For hematoxylin and eosin staining and immunohistochemistry with anti-human Bcl-2 antibody, tissues were fixed in Bouin’s fixative for 3 hours and routinely processed for paraffin embedding and sectioning (5 μm). For immunostaining with anti-human Bcl-2 antibody, sections were treated with 0.3% hydrogen peroxide in PBS for 20 minutes and washed with PBS. Sections were then treated with 5% skimmed milk (Difco) in PBS, followed by incubation with anti-human Bcl-2 poly-clonal antibody (Pharmingen, 1:800 dilution) overnight at 4°C. Sections were washed 3 times with 0.02% Tween 20 in PBS and were treated with horseradish peroxidase complex conjugated to goat anti-rabbit IgG (Zymed, 1:500 dilution) for 30 minutes at room temperature, followed by 3 washings with 0.02% Tween 20 in PBS. Bound peroxidase was visualized with 0.01% hydrogen peroxide and 0.05% diaminobenzidine in PBS. Sections were counterstained with hematoxylin. Immunostain-ing with EE2 (Koshimizu et al., 1995) and BC7 (Koshimizu et al., 1993) was carried out as described.

In situ DNA 3′-end labeling

Tissues were fixed in 10% neutral buffered formalin and routinely processed for paraffin embedding and sectioning (5 μm). Sections were stained with an Apop Tag In Situ Detection Kit (Oncor) according to the instruction of the manufacturer.

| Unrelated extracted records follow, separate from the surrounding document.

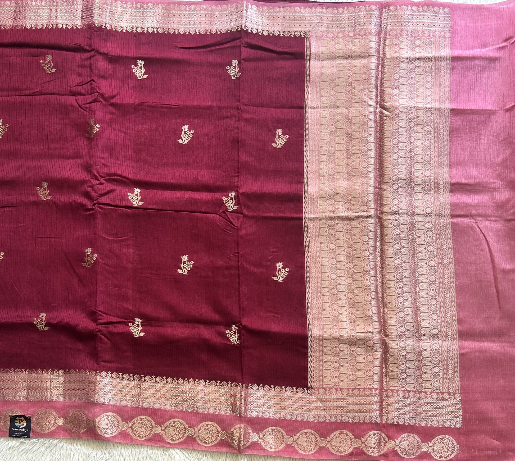 - PALLU: Baby Pink Purple Color Silver Zari Weaving Pallu.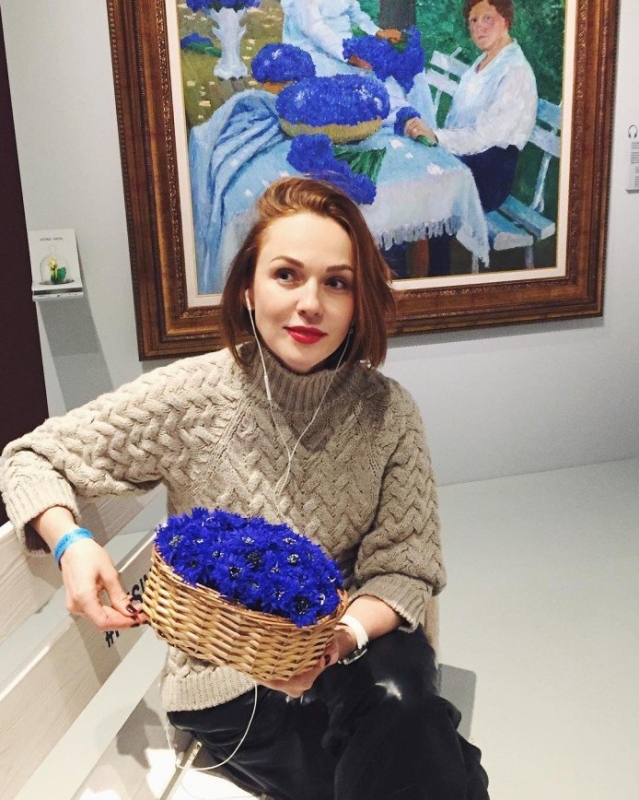 На новом снимке в Инстаграме Альбина предстала в необычном для нее образе. Она сидит в простом бежевом свитере и черных облегающих брюках, держа перед собой корзину с синими васильками и слушая в наушниках программу музея. Любопытно, что за спиной певицы висит картина, на которой изображены такие же цветы, что и у нее в руках. «С пользой для души», - так подписала Альбина свой снимок.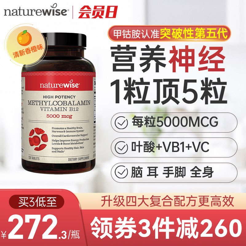 Naturewise小橙丸甲鈷胺修復營養神經損傷面腦部維生素b12b1葉酸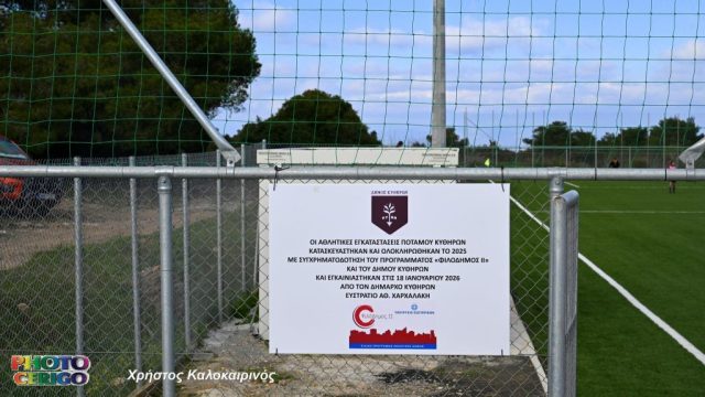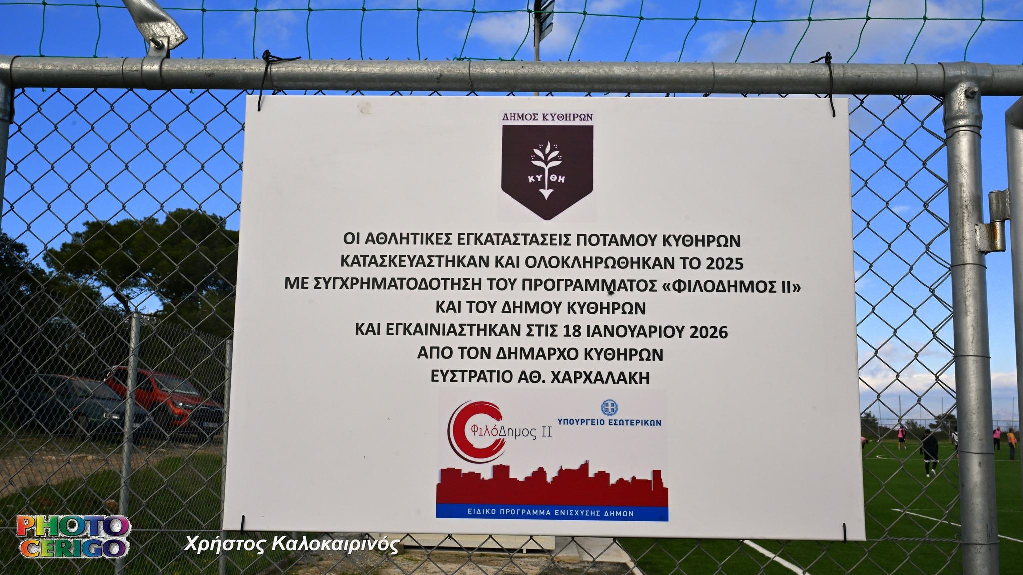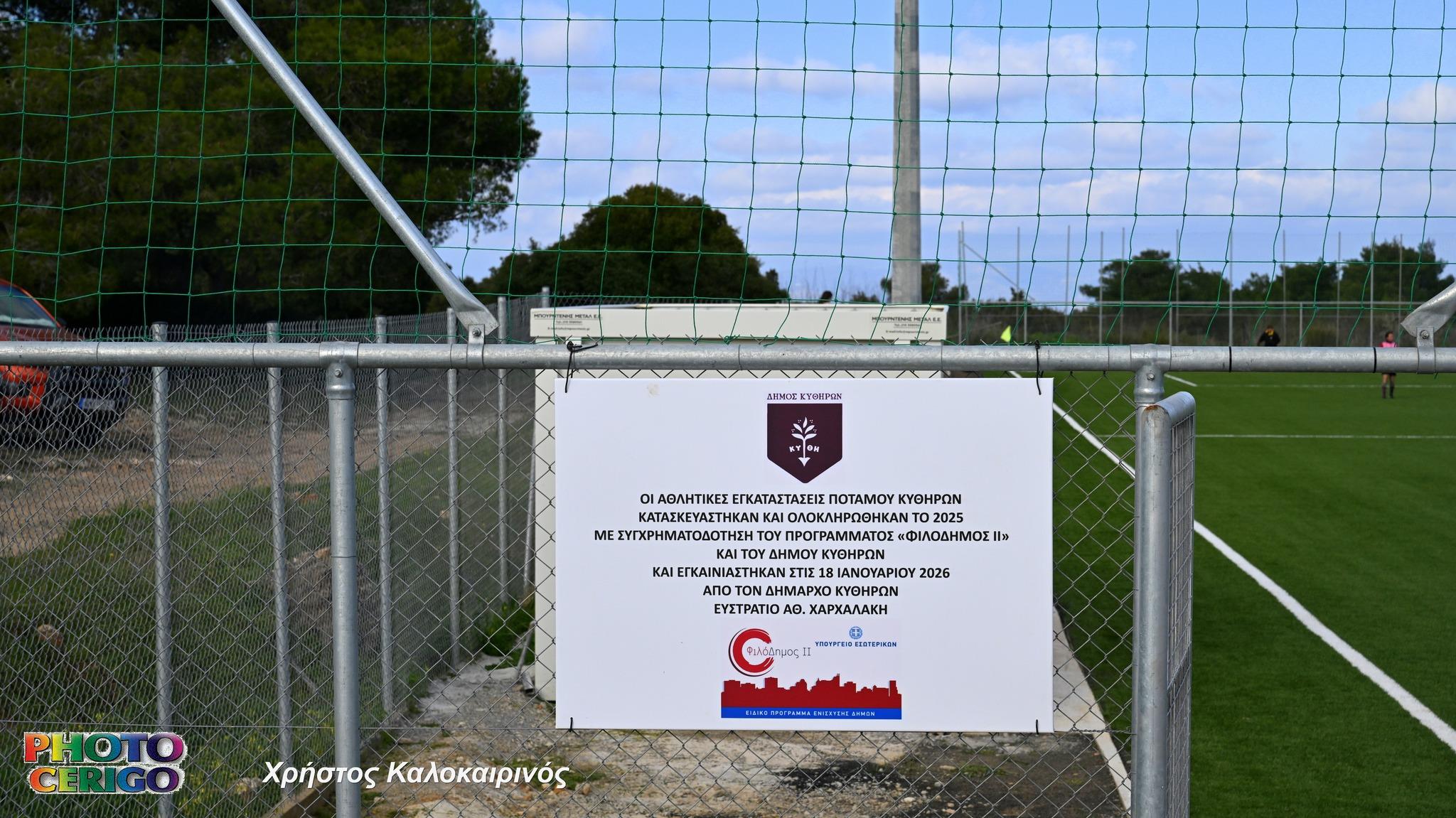 Μέσα σε κλίμα χαράς και ικανοποίησης, παρά το δριμύ ψύχος, δεκάδες κάτοικοι των Κυθήρων παρακολούθησαν την Κυριακή 18/1/26 την τελετή εγκαινίων του νέου Δημοτικού Γηπέδου Ποδοσφαίρου στον Ποταμό, που παραδόθηκε πλέον προς χρήση των αθλουμένων κάθε ηλικίας. Τον Αγιασμό τέλεσε ο Σεβ. Μητροπολίτης Κυθήρων και Αντικυθήρων κ. Σεραφείμ που επαίνεσε τις προσπάθειες της Δημοτικής Αρχής για την αναβάθμιση των αθλητικών υποδομών στο νησί. Ο Δήμαρχος Κυθήρων κ. Στράτος Χαρχαλάκης τόνισε ότι πέρα και πάνω από τη θέληση του Δήμου για την κατασκευή έργων υποδομής, βρίσκονται τα γρανάζια της γραφειοκρατίας που μέσα από δαιδαλώδεις διαδικασίες, συχνά ανούσιες, οδηγούν σε μεγάλες καθυστερήσεις την ολοκλήρωση τόσο σημαντικών έργων.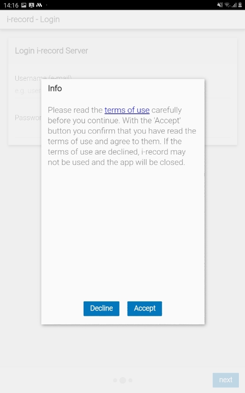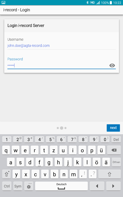 When the i-record app is started for the first time, the user is automatically guided through an initial login, which initialises the application. Therefore you can find under the following link a video that shows the download and installation of the i-record app via the Google Play Store, as well as the initial registration.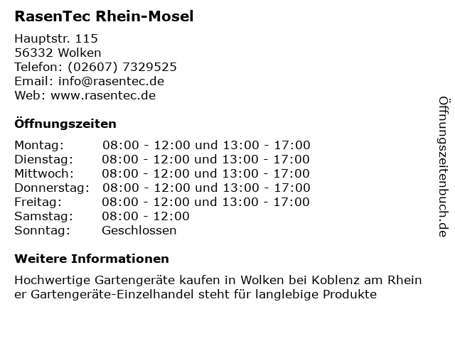 | Öffnungszeiten RasenTec Rhein-Mosel in Wolken anzeigen | |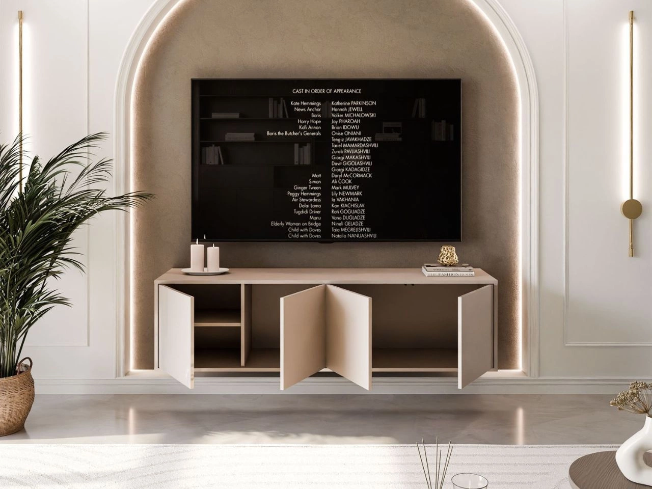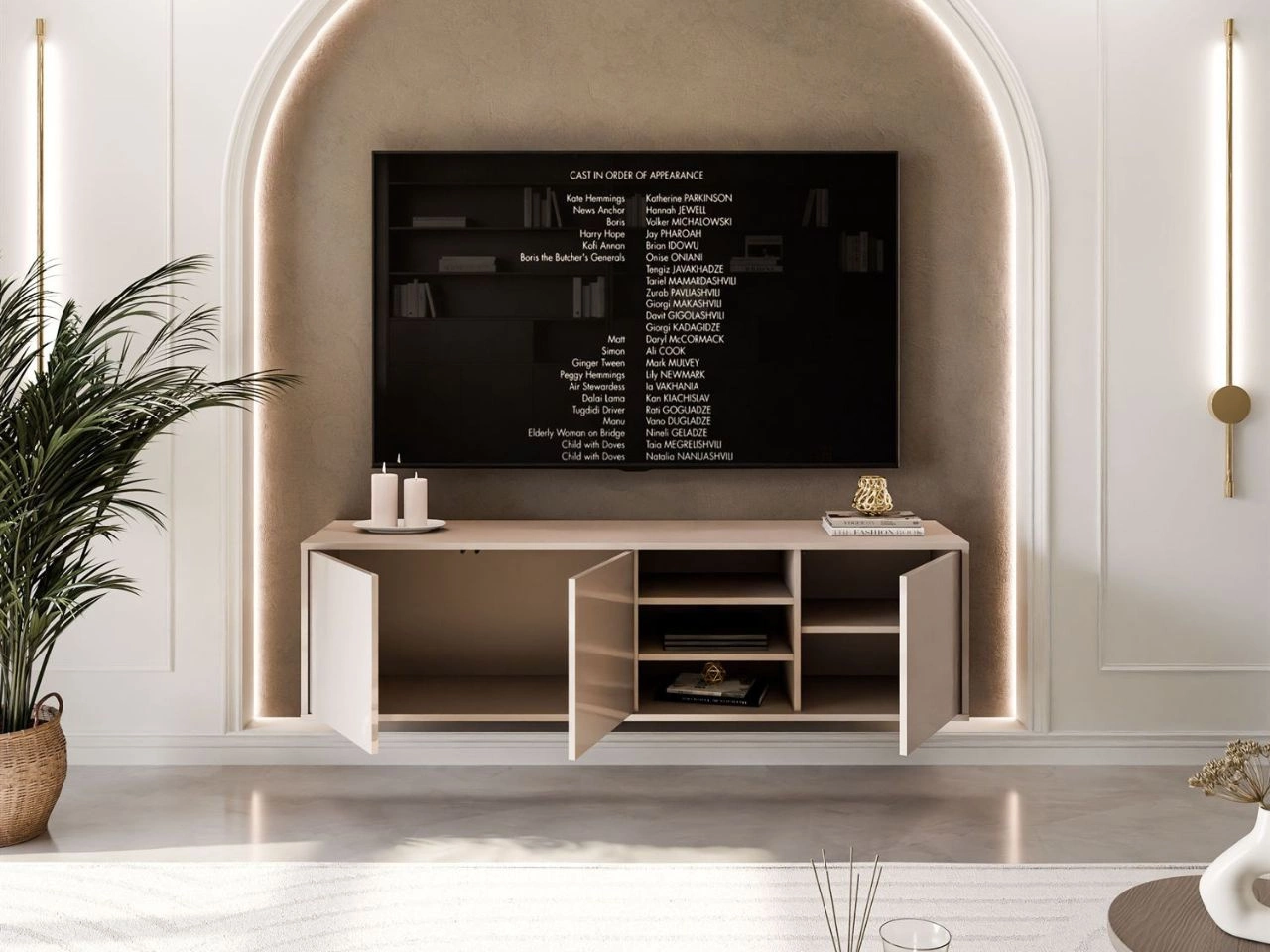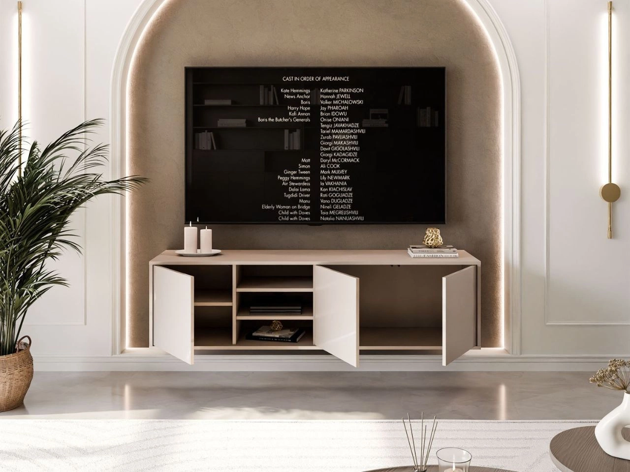 Kaszmirowa czterodrzwiowa szafka RTV Vivance wisząca została stworzona w taki sposób, aby można było dopasować ją do własnych preferencji. Co to oznacza? Wraz z meblem otrzymujemy w zestawie cztery fronty drzwiowe, ale nie trzeba ich wszystkich montować. Konstrukcja meble pozwala na pozostawienie otwartej wnęki z półkami w środkowej części - po lewej lub prawej stronie. Można mieś zatem szafkę cztero- lub trzydrzwiową. Mebel posiada dwie mniejsze wnęki i jedną większą. Znajdziemy tu też trzy półki. Drzwiczki wyposażono w bezuchwytowy system otwierania Push To Open - naciśnij, aby otworzyć.

Generation of transgenic mice expressing human bcl-2

We initially attempted to overexpress Bcl-2 in many tissues, including germ cells, and with this goal in mind we used the EF-1α promoter (Mizushima and Nagata, 1990; Uetsuki et al.,1989) for the transgenic construct (Fig. 1A). To our surprise, however, the transgene was preferentially expressed in gonads. As shown in Fig. 1B, high level expression of the transgene was detected in line TG1 and TG8 in the testes and/or ovary and at much lower levels in other tissues. A total of eleven different transgenic mice, eight females (TG1-TG8) and three males (TG9-TG11), were obtained. The copy number of the exogenous bcl-2 gene varied in the range of 1-15 (TG1 contained >10 copies and TG8 contained 3-4 copies), as estimated by Southern blot hybridization (data not shown).

Sterility of transgenic mice

During the course of these experiments, it was noted that the male founders (TG9, 11) and male offspring from five lines (TG1, 2, 3, 5, 8) never bred. Fertility of the females from four lines (TG2, 3, 5, 6) also seemed to be reduced, but the male phenotype was more severe. None of the founders or their offspring showed gross abnormality other than reduced fertility, except line TG5. Two F1 offspring of this line had webs between the 1st and 2nd toes on their hind limbs (unpublished result).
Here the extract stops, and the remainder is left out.